SUPPLIED MATERIAL =
□ □ □ □ □ □ □

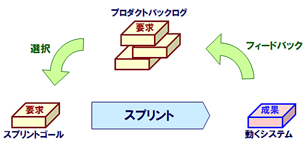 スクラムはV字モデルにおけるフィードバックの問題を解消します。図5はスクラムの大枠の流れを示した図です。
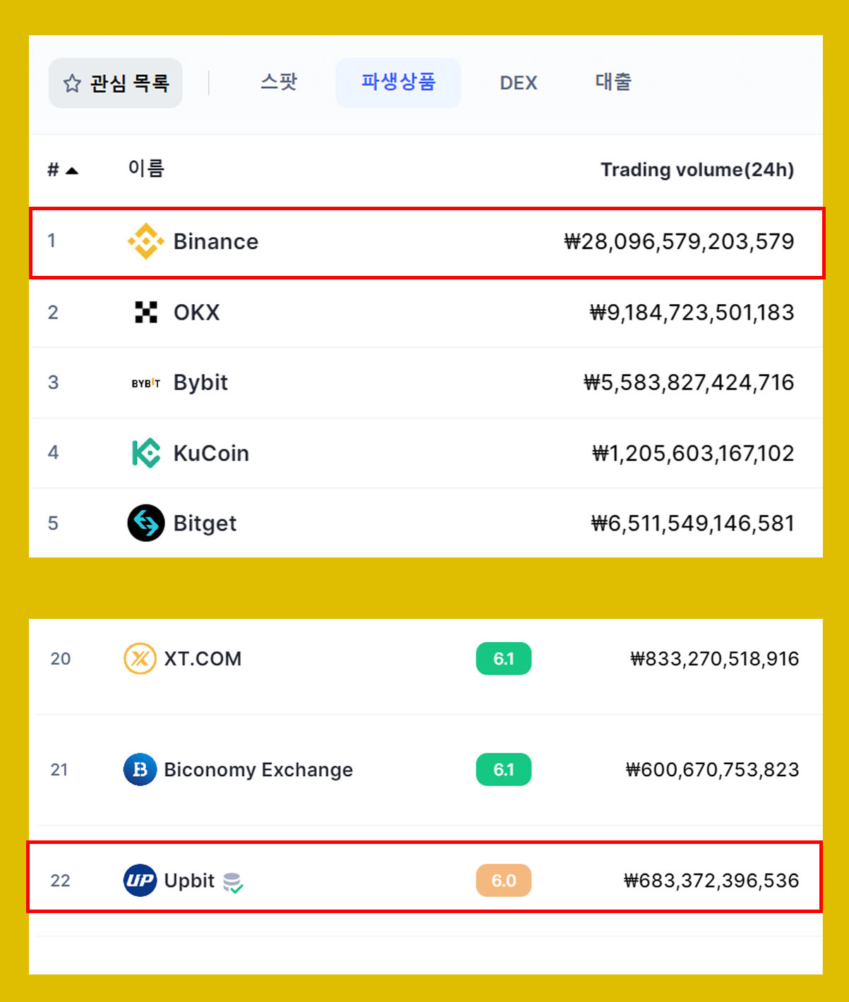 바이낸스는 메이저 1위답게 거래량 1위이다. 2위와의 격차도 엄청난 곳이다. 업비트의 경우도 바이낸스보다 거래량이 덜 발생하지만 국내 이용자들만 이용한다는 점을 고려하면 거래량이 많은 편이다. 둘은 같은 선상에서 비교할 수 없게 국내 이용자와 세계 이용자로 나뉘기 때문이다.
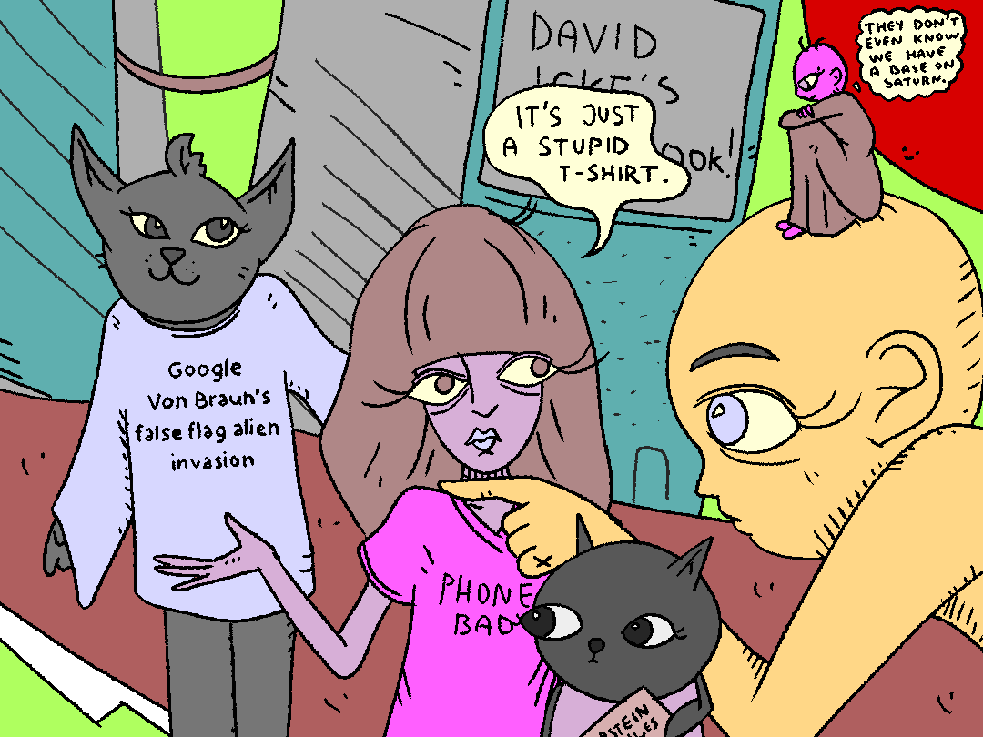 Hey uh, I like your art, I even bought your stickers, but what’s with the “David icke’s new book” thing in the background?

□ □ □ □ □ □ □

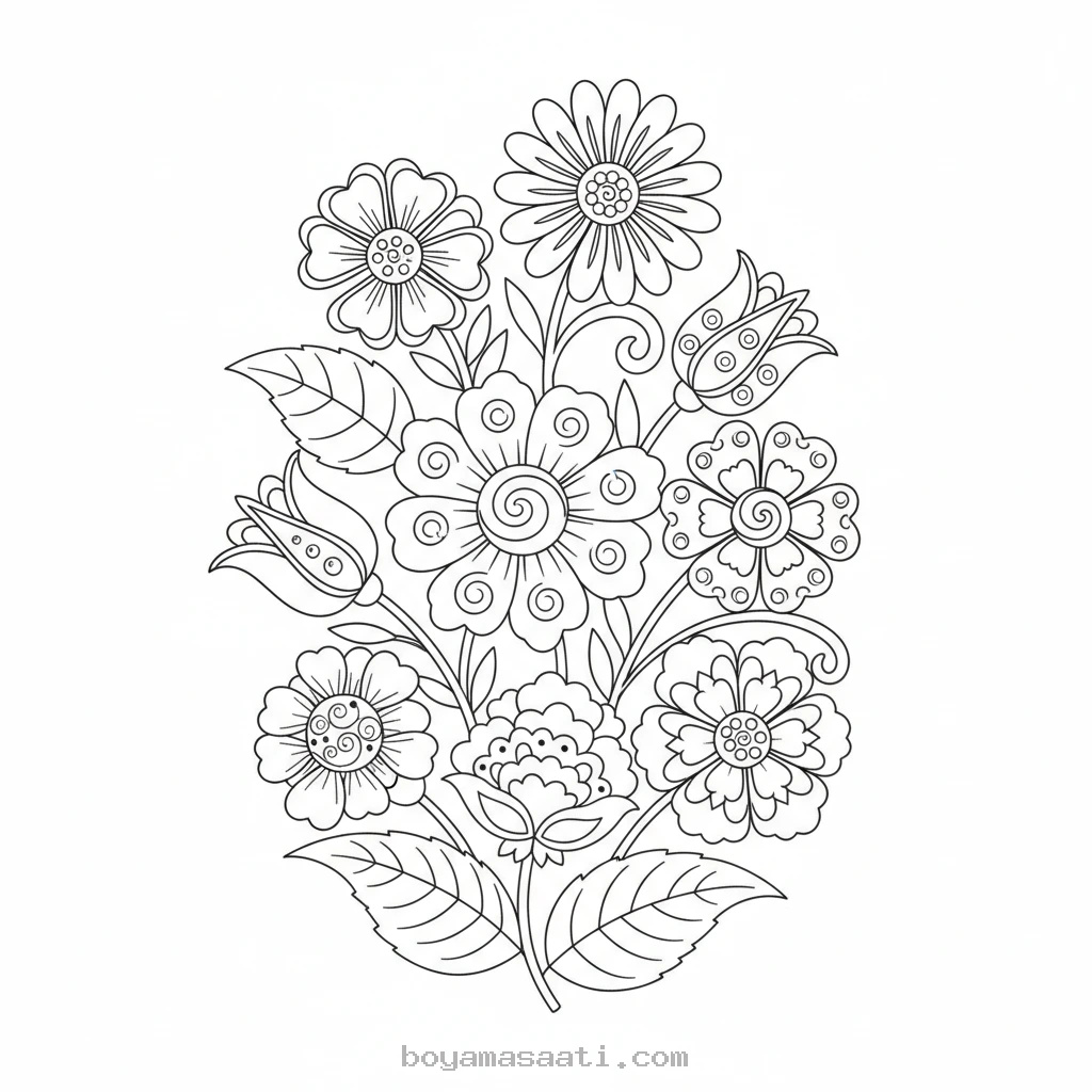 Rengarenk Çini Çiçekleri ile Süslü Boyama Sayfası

□ □ □ □ □ □ □

HOW TO COMPLETE THIS TASK =
Excerpt from the records above: set down only the lines from the one that contains "スクラムはV字モデルにおける" through the one that contains "Hey uh, I like", inclusive, word for word. Pictures stay out.

TASK SOLUTION =
 スクラムはV字モデルにおけるフィードバックの問題を解消します。図5はスクラムの大枠の流れを示した図です。
 바이낸스는 메이저 1위답게 거래량 1위이다. 2위와의 격차도 엄청난 곳이다. 업비트의 경우도 바이낸스보다 거래량이 덜 발생하지만 국내 이용자들만 이용한다는 점을 고려하면 거래량이 많은 편이다. 둘은 같은 선상에서 비교할 수 없게 국내 이용자와 세계 이용자로 나뉘기 때문이다.
 Hey uh, I like your art, I even bought your stickers, but what’s with the “David icke’s new book” thing in the background?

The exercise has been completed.